The basic structure of the VIO core consists of four ports (Figure 2). Two of the ports are inputs and two of the ports are outputs. One pair of input/output ports are asynchronous, the other pair are synchronous. The asynchronous ports are intended for module ports that do not require synchronized timing, such as asynchronous resets. For module ports that are synchronized, the VIO core furnishes synchronized inputs and outputs that are clocked by the module's clock.

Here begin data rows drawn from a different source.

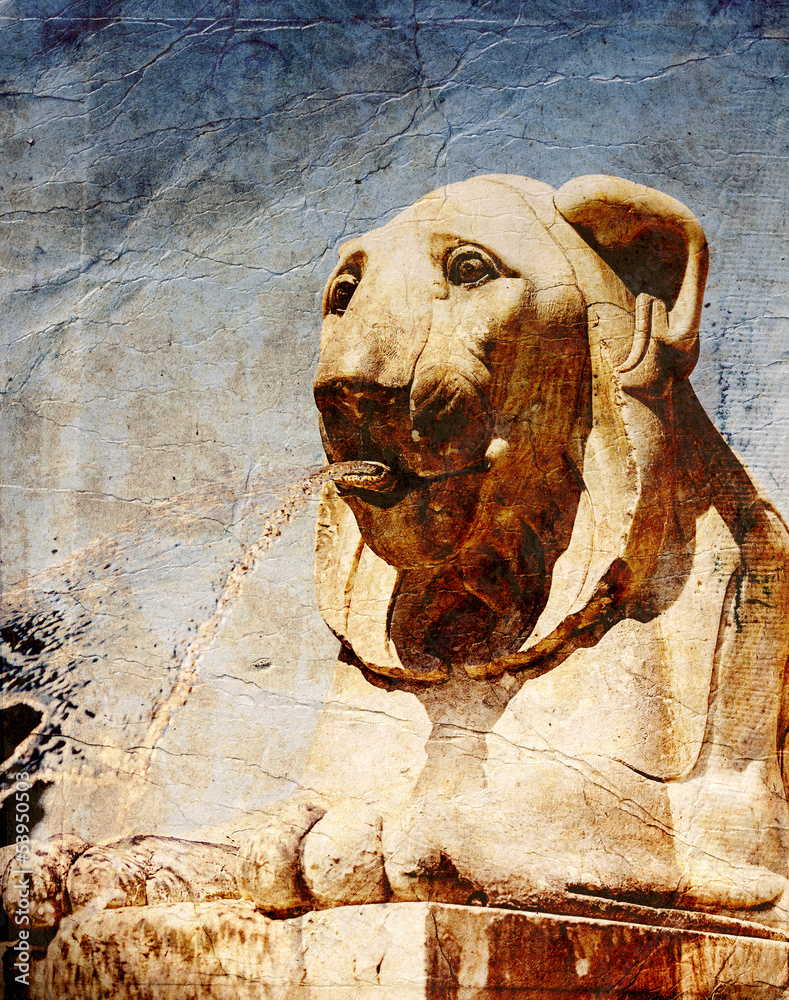 fountain on piazza dei Popolo. Rome. Artistic retro style.
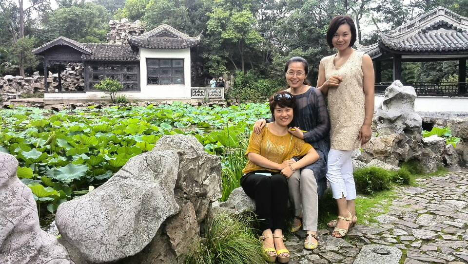 江南园林的精巧细致果然了得,门外只看到白墙黑瓦,入了门里,过了作照壁的太湖石,却是一转一景,柳暗花明。等到行至湖边突然开阔起来,莲叶何田田,鱼戏莲叶间,见此美景,大家也纷纷合影留念。
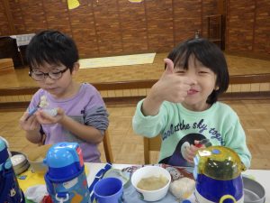 昨日は秋の収穫に感謝してほし組さんがご飯と豚汁を振舞ってくれたのです。
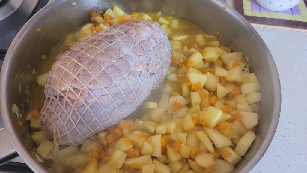 El asado con salsa de manzana es sencillo de preparar: la cocción larga y lenta en la cacerola hace que la carne quede tierna y jugosa. El caldo vegetal utilizado durante la cocción es un caldo listo, pero si lo prefieres puedes prepararlo tú mismo, ya sea de carne o vegetal, es indiferente en tanto a las manzanas he utilizado la variedad golden.

Figure 2: VIO block diagram |
The VIO output ports are connected to module inputs. The width of the port is configurable so that narrow and wide ports can be driven by a single VIO core. One feature difference between the synchronous and the asynchronous port is that only the synchronous has an option to create a pulse train pattern. The pulse train pattern consists of a 16 bit buffer that is attached to all the synchronous ports which allows real-time creation of patterns. These patterns are clocked out at the module clock speed to produce a testcase that spans 16 test vectors.
The VIO input ports are connected to module outputs. Like the VIO output port, the input port size is configurable. Both asynchronous and synchronous input ports have an activity indicator. This indicator works as a toggle flag that detects when edge transitions have occurred. The advantage of the synchronous port over the asynchronous is that its samples are synchronous to the module clock whereas the asynchronous will be sampled by the user interface.
One point should be made on the VIO input port use model. The VIO input port is a one shot sample of an input. The time between samples is slow since the communication mechanism is a JTAG cable. Thus the task of sampling a VIO input port can take hundreds of milliseconds and will be unusable for capture of real-time trace data. Thus for the capture of real time trace data it is recommended you use the ILA.
Figure 3: Testbench using VIO and ILA |
One choice that is available to in-circuit testbenches over simulation is whether the test data comes from real stimulus or a pattern generator. With real-time data the inputs of the design under test are all stimulated by the actual inputs to the FPGA. These inputs can be anything from high-speed serial data to an analog to digital data that is processed by your FPGA. To observe and control this test setup you use the one or more ILAs at the outputs of the main processing module and you use the VIO core to setup and enable the a testcase. By using this test setup you can now control when the real-time data is fed to the design and observe the results of the testcase.
If realtime data is not available or controllable you can use pattern vectors to create the testcase. Traditionally pattern vectors used for in-circuit testing have required filling out tables of bits that are used to stimulate the design. However with an FPGA you have the freedom to create a module inside your FPGA that generates these patterns. This means that instead of using a large pattern stored in memory to test your design you can actually hook a counter to the inputs of your design and test out all possible input combinations. Like in the real-time testcase, the ILA is used to check the outputs of your module and the VIO to setup and run the test. With this test setup you can observe and control the pattern data and run at design speed.
Xilinx's ChipScope tool team understands this problem and is focused on developing solutions for it. With ChipScope 5.2i you gain controllability through the VIO core. For deep trace capture ChipScope 5.2i provides ILA with ATC which is capable of storing up to 2 million samples with the Agilent FPGA TPA. Thus with ChipScope you can confidently verify and debug your Xilinx FPGA in-circuit and deliver your product to your customer on time.